A small Texas nonprofit is taking orders to mail blueprints for computer-made 3-D guns to anyone willing to pay for them just a day after a federal judge blocked the designs from being published online amid a national debate over printable weapons.

Defense Distributed, a self-described private-defense firm, has received more than 600 orders for 10 gun templates since Monday, when a Seattle judge indefinitely blocked the firm from making its instructions available for download to print fully functional firearms at home using 3-D printers.

The Austin, Texas-based organization has also raised more than $200,000 in the past week thanks to the attention Defense Distributed has received since it was sued along with the Trump administration over the blueprints’ availability.

“I’m following the court order,” Cody Wilson, director of Defense Distributed, said by phone. “I’m not ignoring it or doing anything in spite of it.” Wilson added that the suit hasn’t prevented anything. “All the congratulatory rhetoric about stopping the guns — no, you haven’t accomplished what you wanted,” he said.

The judge also ridiculed the U.S. government’s argument downplaying the public safety threat from the weapons. Defense Distributed contended that untraceable guns are already prohibited under federal law.

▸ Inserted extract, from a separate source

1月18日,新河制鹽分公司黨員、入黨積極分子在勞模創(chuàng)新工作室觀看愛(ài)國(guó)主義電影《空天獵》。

That argument “rings hollow,” U.S. District Judge Robert Lasnik wrote, because the nonprofit is trying to remove regulatory hurdles to allow such weapons to be made.

Lasnik said in his ruling that regulation under the federal Arms Export Control Act “means that the files cannot be uploaded to the internet, but they can be emailed, mailed, securely transmitted, or otherwise published within the United States.”

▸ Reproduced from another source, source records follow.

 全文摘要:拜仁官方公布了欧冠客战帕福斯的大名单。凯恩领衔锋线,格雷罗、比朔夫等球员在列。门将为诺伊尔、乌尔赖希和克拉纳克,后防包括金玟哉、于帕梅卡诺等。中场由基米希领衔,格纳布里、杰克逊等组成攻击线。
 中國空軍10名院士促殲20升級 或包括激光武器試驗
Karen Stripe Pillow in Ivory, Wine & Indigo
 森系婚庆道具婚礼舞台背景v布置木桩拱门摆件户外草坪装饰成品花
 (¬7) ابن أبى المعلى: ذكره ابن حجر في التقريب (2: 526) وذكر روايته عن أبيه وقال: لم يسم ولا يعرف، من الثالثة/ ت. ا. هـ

Josh Blackman, a lawyer for Defense Distributed, said Tuesday that Lasnik’s ruling allows the plans to be sold without breaking the law.

The firearms industry has largely ignored the 3-D gun debate. The National Shooting Sports Foundation, which lobbies on behalf of gun makers, noted that homemade guns have long been legal in the United States but the trend of hobbyists making their own firearms has never run a risk to commercial gun makers in the past.

Washington state Attorney General Bob Ferguson, who spearheaded the states’ case, on Tuesday blamed the Trump administration for not taking a hard stand against 3-D printed guns.

“Because of our lawsuit, it is once again illegal to post downloadable gun files to the Internet,” he said in a statement. “I trust the federal government will hold Cody Wilson, a self-described ‘crypto-anarchist,’ accountable to that law. If they don’t, President Trump will be responsible for anyone who is hurt or killed as a result of these weapons.”

Blackman said in an interview Tuesday that it’s up to buyers to name their own price for the blueprints, plus a $7 shipping fee. Defense Distributed is using the proceeds to launch a new website and expand its 3-D gun blueprint offerings, while cover the group’s legal costs, said Wilson.

“Everyone who wants these files will get them,” said Wilson. “We will be way more successful now.”

The Defense Distributed website displays a map of the U.S. showing that the blueprints aren’t being sold to residents of the 19 “blue” states that brought the lawsuit.

“Oops. You are behind the blue wall,” the web page reads. “Your masters say you can’t be trusted with this information.”